The use of binary numeral system for theoretical results I wonder how mathematics would be changed if we were been using binary system  in calculations instead of decimal ..   

  
*
  
*Could theory of mathematics would change a little ?
  
*Are  there  known examples where the use of binary system leads  to
  the new interesting mathematical facts ? 
  
*Maybe in math history are    known the spectacular results  achieved
  thanks to binary notation ? (Probably  in number theory or maybe somewhere else ?)

My  example is about a simple theorem stating that any difference of two squares of odd numbers is divisible by 8. Of course we can prove it using simple algebra transformations, but it is also visible from the binary forms of the numbers.

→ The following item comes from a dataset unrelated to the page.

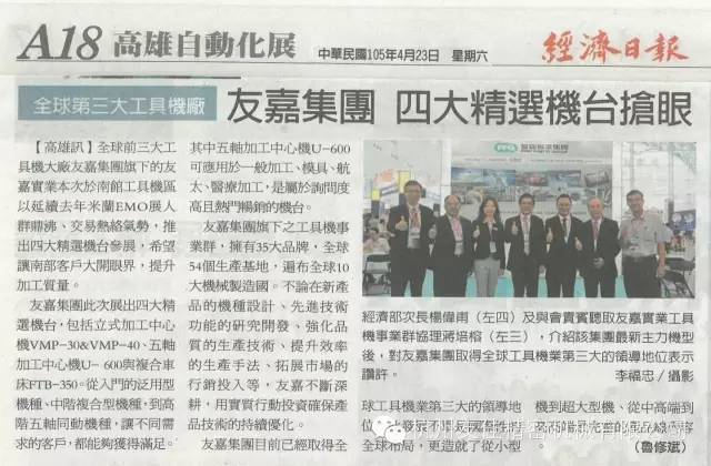 友嘉集团目前已经取得全球工具机业第三大的领导地位,此发展不单是国际性的全球布局,更造就了从小型机到超大型机,从中高端到高高端最完整的产品线内容。

Let's notice that squares of the following numbers (denote them as $k$) have a form:
(partially binary notation) 
$001^2=0001$
$011^2=1001$
$101^2= 11001$
$111^2=110001$   
because other odd numbers can be denoted as $1000 n+k$,
we see that differences of squares of these numbers give always last $3$ digits $000$ so the difference must be divisible by $8$.

  
*
  
*Could some other theorems can be also proved this way?
  

 A: Many other theorems can be proved this way, or insight gained into them.  For example in the Collatz conjecture every odd number leading directly to an odd number of the form $x01$ is a member of the set $\{x01, x0101, x010101,...\}$.

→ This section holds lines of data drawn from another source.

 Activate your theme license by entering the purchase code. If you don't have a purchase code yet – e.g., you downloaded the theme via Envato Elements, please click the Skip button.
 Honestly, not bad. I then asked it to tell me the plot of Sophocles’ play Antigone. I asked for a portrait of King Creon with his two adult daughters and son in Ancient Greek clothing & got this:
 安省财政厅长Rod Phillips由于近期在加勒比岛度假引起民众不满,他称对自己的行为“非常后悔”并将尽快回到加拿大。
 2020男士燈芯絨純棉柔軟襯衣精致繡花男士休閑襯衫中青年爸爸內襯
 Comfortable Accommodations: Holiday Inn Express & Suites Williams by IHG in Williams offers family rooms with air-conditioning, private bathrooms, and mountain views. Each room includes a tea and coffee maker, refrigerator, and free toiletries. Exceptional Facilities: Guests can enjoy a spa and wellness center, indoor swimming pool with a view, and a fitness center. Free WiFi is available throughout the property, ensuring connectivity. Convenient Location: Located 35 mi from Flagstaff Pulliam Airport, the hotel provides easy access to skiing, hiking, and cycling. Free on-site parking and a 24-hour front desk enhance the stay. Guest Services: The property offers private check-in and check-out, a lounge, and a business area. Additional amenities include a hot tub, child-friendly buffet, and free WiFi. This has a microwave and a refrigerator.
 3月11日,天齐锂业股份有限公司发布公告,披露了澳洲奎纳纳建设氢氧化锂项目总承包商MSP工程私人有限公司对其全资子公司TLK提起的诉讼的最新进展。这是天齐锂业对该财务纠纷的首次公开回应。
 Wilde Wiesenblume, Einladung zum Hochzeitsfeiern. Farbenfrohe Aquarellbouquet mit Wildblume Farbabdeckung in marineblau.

The proof of Fermat's last theorem uses p-adic number system, which are numbers arranged in prime bases, of which base 2 is an example, although they have the additional property of repeating to the left instead of the right.  P-adics reveal many properties of number theory as they encode congruence information.
But ultimately as you move into more advanced mathematics it is actually the norm to write numbers in a variety of bases, not just base 10 or number 2, and sometimes some arbitrary base, as to do so is frequently useful just as you have conjectured.

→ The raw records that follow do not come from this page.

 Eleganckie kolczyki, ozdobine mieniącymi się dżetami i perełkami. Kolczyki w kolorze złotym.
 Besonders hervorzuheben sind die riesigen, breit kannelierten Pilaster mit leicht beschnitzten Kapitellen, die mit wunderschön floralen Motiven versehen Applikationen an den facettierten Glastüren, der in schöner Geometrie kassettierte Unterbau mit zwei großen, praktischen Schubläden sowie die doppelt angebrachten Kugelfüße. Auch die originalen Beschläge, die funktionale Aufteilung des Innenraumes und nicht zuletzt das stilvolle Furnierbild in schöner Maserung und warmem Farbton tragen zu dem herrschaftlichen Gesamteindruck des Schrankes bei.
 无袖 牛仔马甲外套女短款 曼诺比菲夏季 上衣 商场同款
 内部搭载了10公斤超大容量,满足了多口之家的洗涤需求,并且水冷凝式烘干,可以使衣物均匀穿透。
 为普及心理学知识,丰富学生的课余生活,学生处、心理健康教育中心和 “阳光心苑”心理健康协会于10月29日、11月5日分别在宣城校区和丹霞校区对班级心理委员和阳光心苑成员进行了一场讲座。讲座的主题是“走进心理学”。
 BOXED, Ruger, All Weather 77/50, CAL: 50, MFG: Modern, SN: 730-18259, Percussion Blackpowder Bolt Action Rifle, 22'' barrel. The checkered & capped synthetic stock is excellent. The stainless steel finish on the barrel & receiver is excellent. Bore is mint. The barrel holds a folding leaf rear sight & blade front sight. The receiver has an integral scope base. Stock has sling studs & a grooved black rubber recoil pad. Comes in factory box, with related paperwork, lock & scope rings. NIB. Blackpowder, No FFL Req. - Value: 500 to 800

A: Binary is another way of expressing numbers, but the numbers available are the same as decimal.  Sometimes it can make informal proofs easier because there is a pattern in the digits or it can make patterns that interest us which we later prove.  An example in base $10$ is $$7^2=49\\67^2=4489\\667^2=444889\\6667^2=44448889$$
This would not be so interesting in another base.  The proof using $(\frac {2\cdot 10^n+1}3)^2$goes through in any base though you have to represent $10_{10}$ properly.  If you were working in binary you might not find this interesting.  
There are similar cute patterns in binary, but I don't have any that come to mind.  Again, they can be proven in any base, but the motivation is not there unless you look at the numbers in binary.